We have investigated 20 patients with DOA which were positive for the presence of OPA1 gene mutations, 25 patients with classic (c) LHON, 8 patients with childhood (ch) LHON and 6 patients with slowly progressive (sp) LHON, also defined by a pathogenic mitochondrial DNA mutation. Stratus OCT was used to detect the peripapillary RNFL thickness (RNFL thickness 3.4 acquisition protocol) and measure the ONH morphology (Fast optic disc acquisition protocol). One randomly selected eye was considered for each patient and control individual. RNFL thickness values and ONH measurements were compared by one-way analysis of variance (ANOVA) and multiple comparisons post-hoc test.
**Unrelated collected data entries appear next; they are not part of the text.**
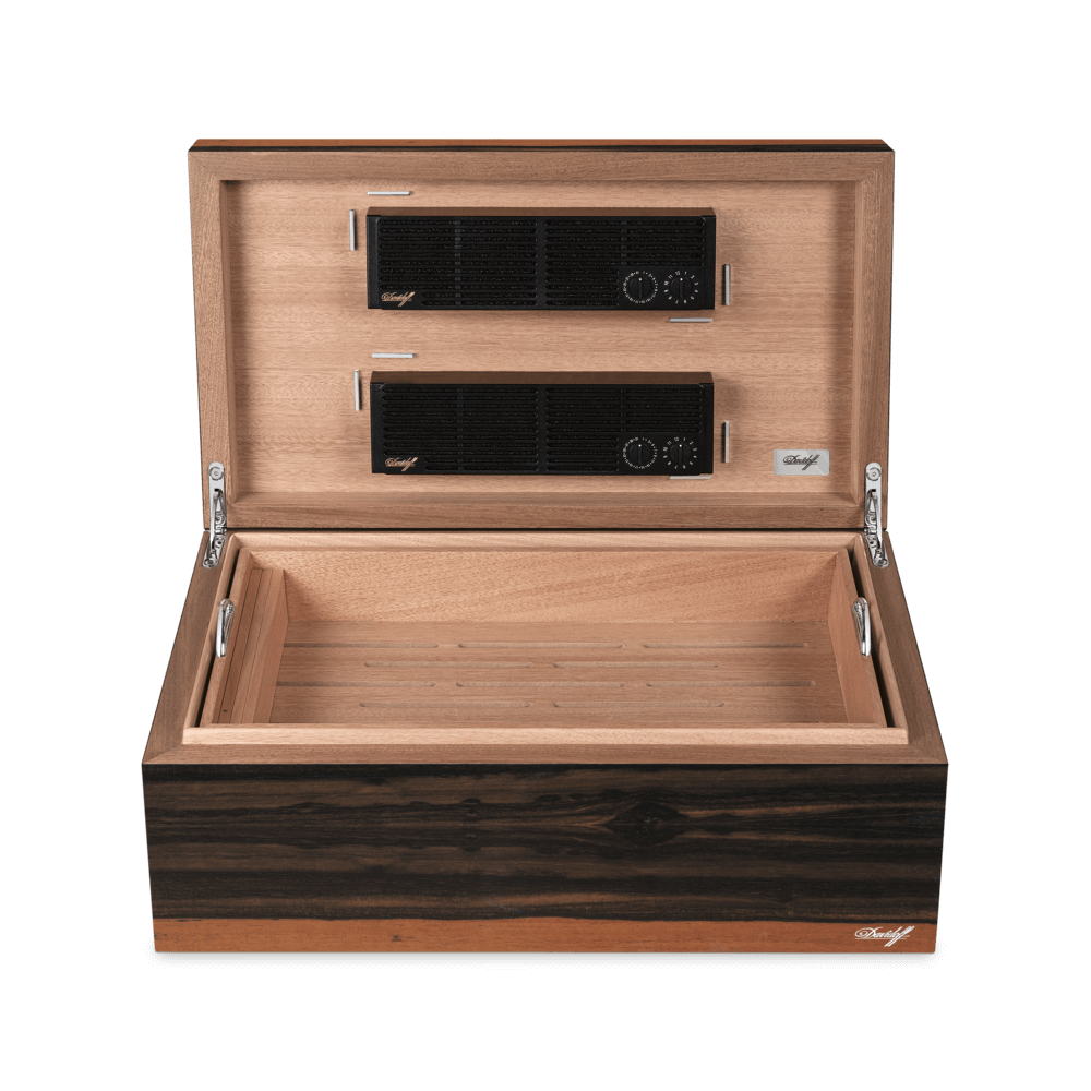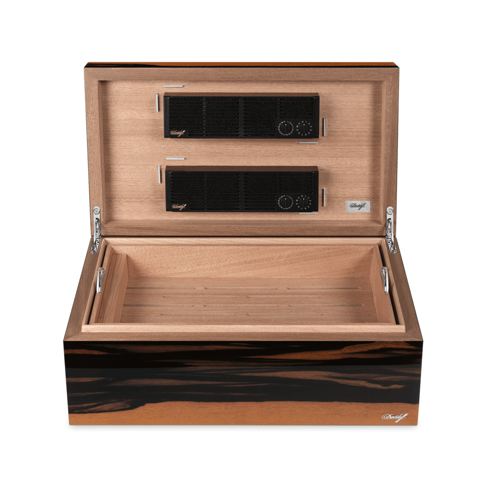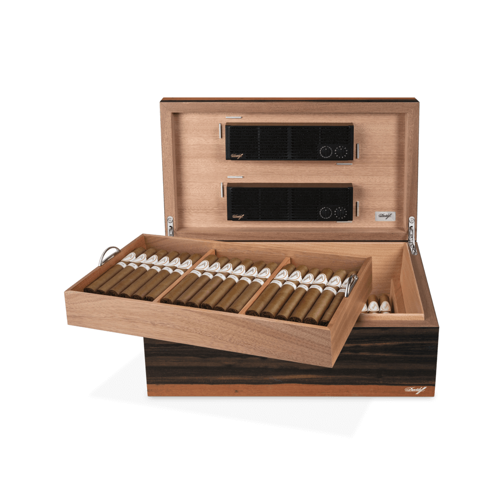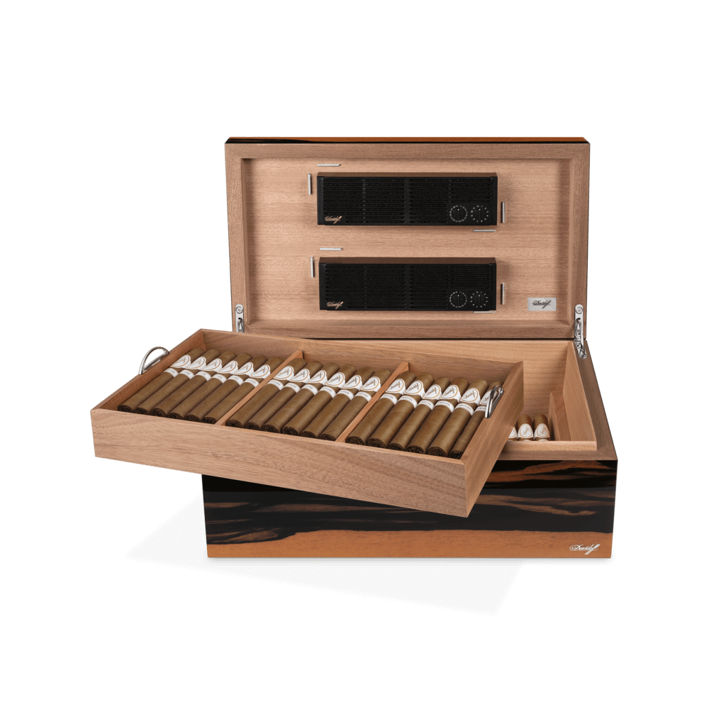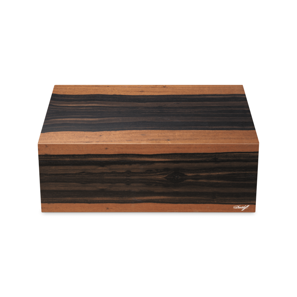 The Davidoff Grande Humidor is a striking synthesis of natural elegance and artisanal precision – its name a bod to both its impressive capacity and the grandeur of its craftsmanship. Handcrafted in Italy from Gaboon ebony and okoumé wood and distinguished by its generous proportions, this refined humidor offers a secure and spacious home for up to 140 cigars.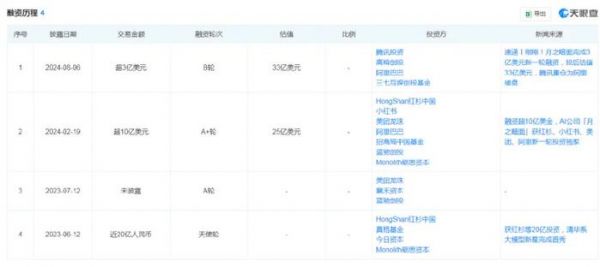 2024年8月,月之暗面公布B轮融资,融资额超3亿美元,投资机构包括腾讯、高榕创投和阿里巴巴,投后估值达到33亿美元。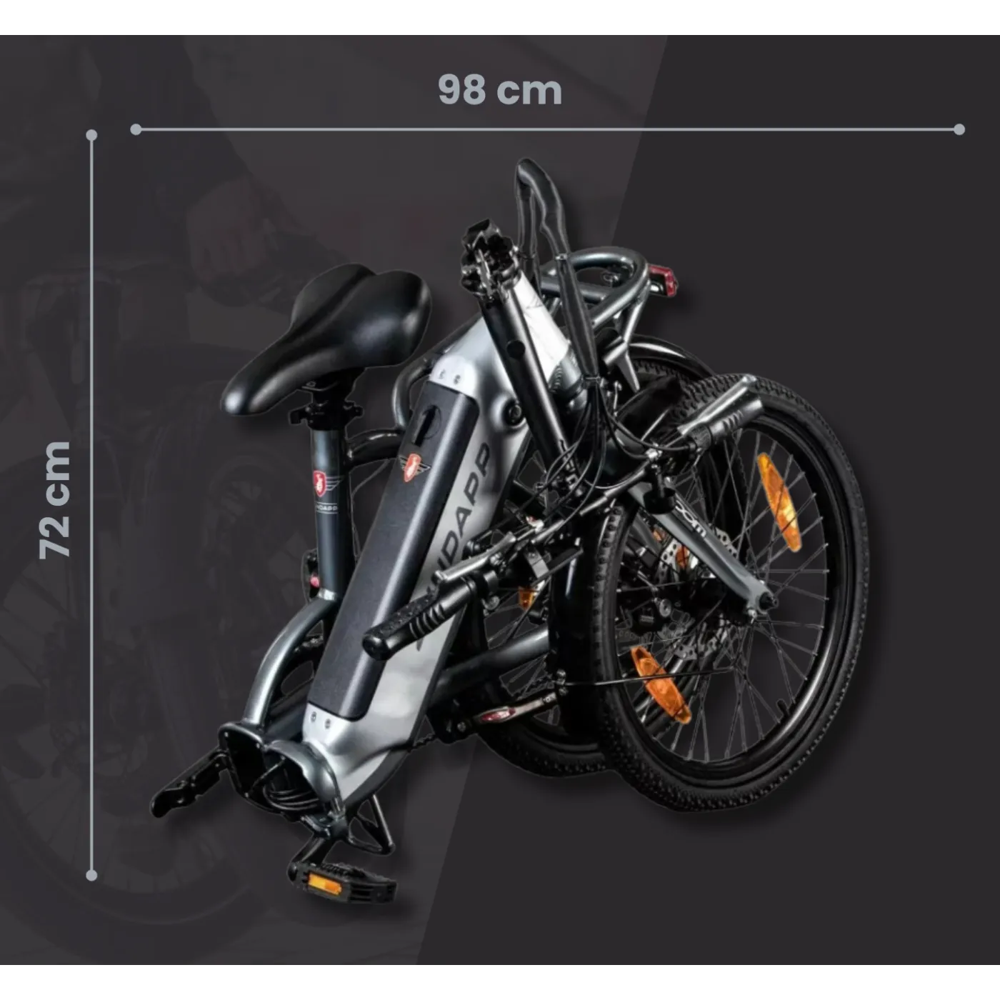 📏 Po złożeniu rower ma wymiary 98 cm x 72 cm x 42 cm dlatego można ustawić go praktycznie wszędzie! Umożliwiają to jedyne 20-calowe koła i niska rama. Niemniej jednak rower można łatwo dostosować do potrzeb wyższych rowerzystów dzięki regulowanemu siodełku i kierownicy.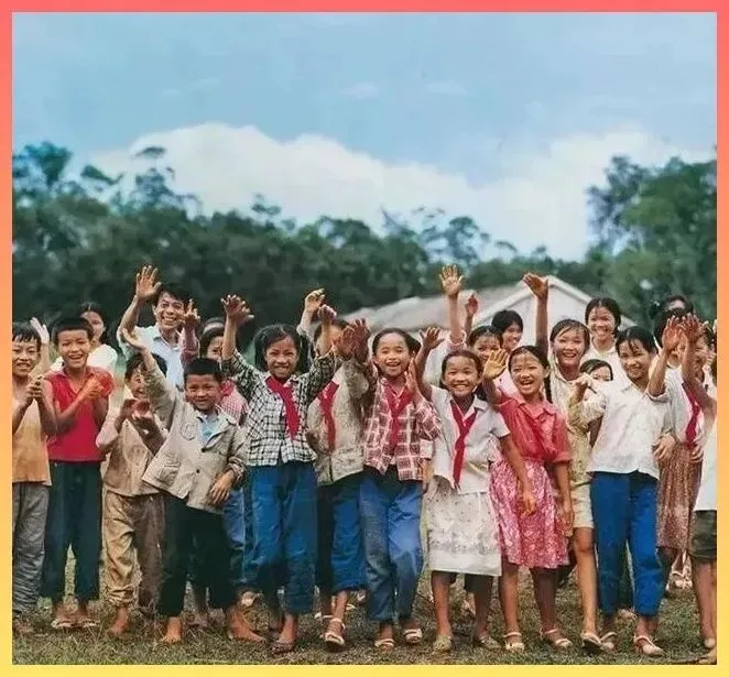 那时候的.孩子,.笑.容是真灿烂啊!没有补习班,没有手机.游戏,一.群小.伙伴在田野里疯跑,对着镜头挥手就是最快乐的事。你看那.红领巾,鲜艳得像是要把那个.年代.的希望都点燃。现在的孩.子物质丰富了,可这种发自内心的,毫无.杂质的快乐,似乎.越来越难找了。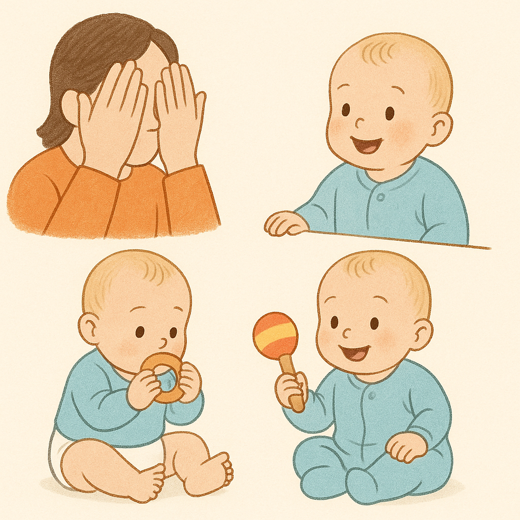 이 시기에 아이들은 대상 영속성이라는 개념을 배우는데, 이는 눈에 보이지 않더라도 어떤 대상이 여전히 존재한다는 것을 인식하는 능력이에요.

The ONH analysis of DOA patients showed a significantly smaller optic disc area compared to c-LHON (p=0.004) and the same size compared to ch-LHON. Furthermore, the DOA patients showed a preservation of RNFL thickness values in all quadrants (average p<0.001, superior p<0.001, nasal p=0.04, inferior p=0.04), but the temporal compared to c-LHON and showed the same pattern of RNFL reduction with a better preservation of superior quadrant (p=0.02) compared to ch-LHON. Sp-LHON patients presented the same disc size of c-LHON and a better preservation of RNFL compared to the other group of patients.
Our results indicate that DOA patients present a pattern of RNFL loss significantly milder and have a significantly smaller optic disc size compared to classic LHON. Nevertheless, DOA patients showed a pattern of RNFL loss and an anatomical conformation of ONH very similar to childhood LHON. Sp-LHON patients, although a clinical presentation suggestive of DOA, have a different pattern of mild optic disc involvement. ONH morphology can differentiate DOA and LHON. However, LHON subgroups with early onset may overlap with DOA in their ONH characteristics, suggesting some common steps in the pathologic mechanism.